(EXERCISE MATERIALS begins)

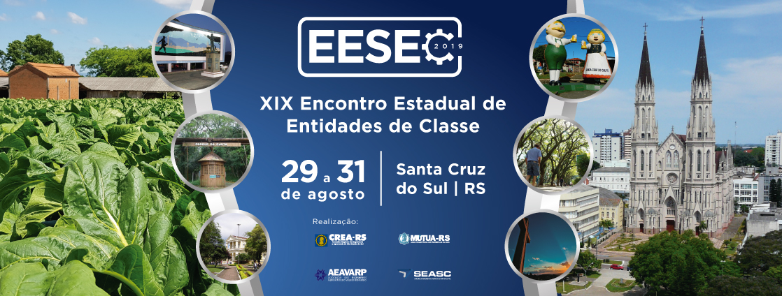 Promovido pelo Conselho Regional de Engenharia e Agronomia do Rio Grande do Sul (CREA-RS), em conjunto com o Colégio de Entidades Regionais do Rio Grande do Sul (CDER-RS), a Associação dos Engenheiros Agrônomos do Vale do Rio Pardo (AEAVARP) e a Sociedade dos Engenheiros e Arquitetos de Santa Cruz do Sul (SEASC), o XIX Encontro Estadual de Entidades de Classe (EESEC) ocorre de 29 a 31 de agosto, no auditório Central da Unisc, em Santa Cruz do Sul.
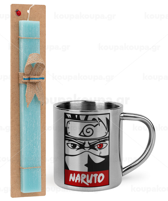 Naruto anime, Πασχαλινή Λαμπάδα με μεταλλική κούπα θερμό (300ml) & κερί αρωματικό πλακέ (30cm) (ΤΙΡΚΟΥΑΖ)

(EXERCISE MATERIALS ends)
(EXERCISE MATERIALS begins)

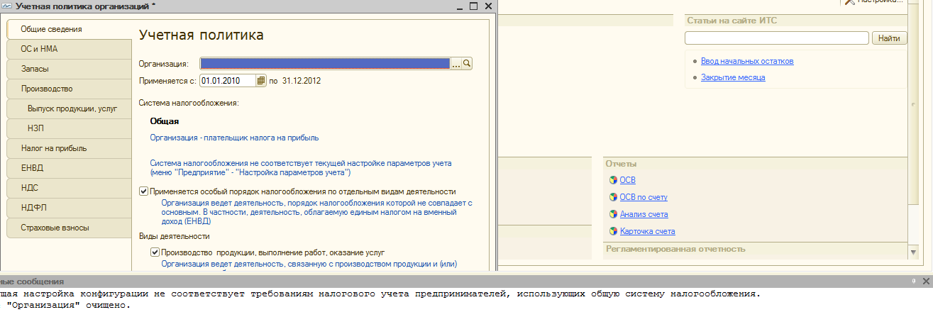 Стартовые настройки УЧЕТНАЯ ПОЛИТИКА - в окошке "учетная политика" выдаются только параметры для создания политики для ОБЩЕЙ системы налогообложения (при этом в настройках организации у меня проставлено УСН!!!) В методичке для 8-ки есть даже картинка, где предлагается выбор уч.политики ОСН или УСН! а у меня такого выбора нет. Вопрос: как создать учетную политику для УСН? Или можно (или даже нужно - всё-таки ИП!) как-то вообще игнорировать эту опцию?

(EXERCISE MATERIALS ends)
(EXERCISE MATERIALS begins)

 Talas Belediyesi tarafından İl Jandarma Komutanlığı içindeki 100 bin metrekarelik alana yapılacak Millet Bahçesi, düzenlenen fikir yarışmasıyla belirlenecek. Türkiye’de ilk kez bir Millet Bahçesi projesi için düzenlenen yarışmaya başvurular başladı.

(EXERCISE MATERIALS ends)

EXERCISE:
The expected output is the lines above from the one containing "Promovido pelo Conselho" to the one containing "Naruto anime, Πασχαλινή", both ends included, reproduced exactly with every picture left out.

OUTPUT FOR THIS TASK:
 Promovido pelo Conselho Regional de Engenharia e Agronomia do Rio Grande do Sul (CREA-RS), em conjunto com o Colégio de Entidades Regionais do Rio Grande do Sul (CDER-RS), a Associação dos Engenheiros Agrônomos do Vale do Rio Pardo (AEAVARP) e a Sociedade dos Engenheiros e Arquitetos de Santa Cruz do Sul (SEASC), o XIX Encontro Estadual de Entidades de Classe (EESEC) ocorre de 29 a 31 de agosto, no auditório Central da Unisc, em Santa Cruz do Sul.
 Naruto anime, Πασχαλινή Λαμπάδα με μεταλλική κούπα θερμό (300ml) & κερί αρωματικό πλακέ (30cm) (ΤΙΡΚΟΥΑΖ)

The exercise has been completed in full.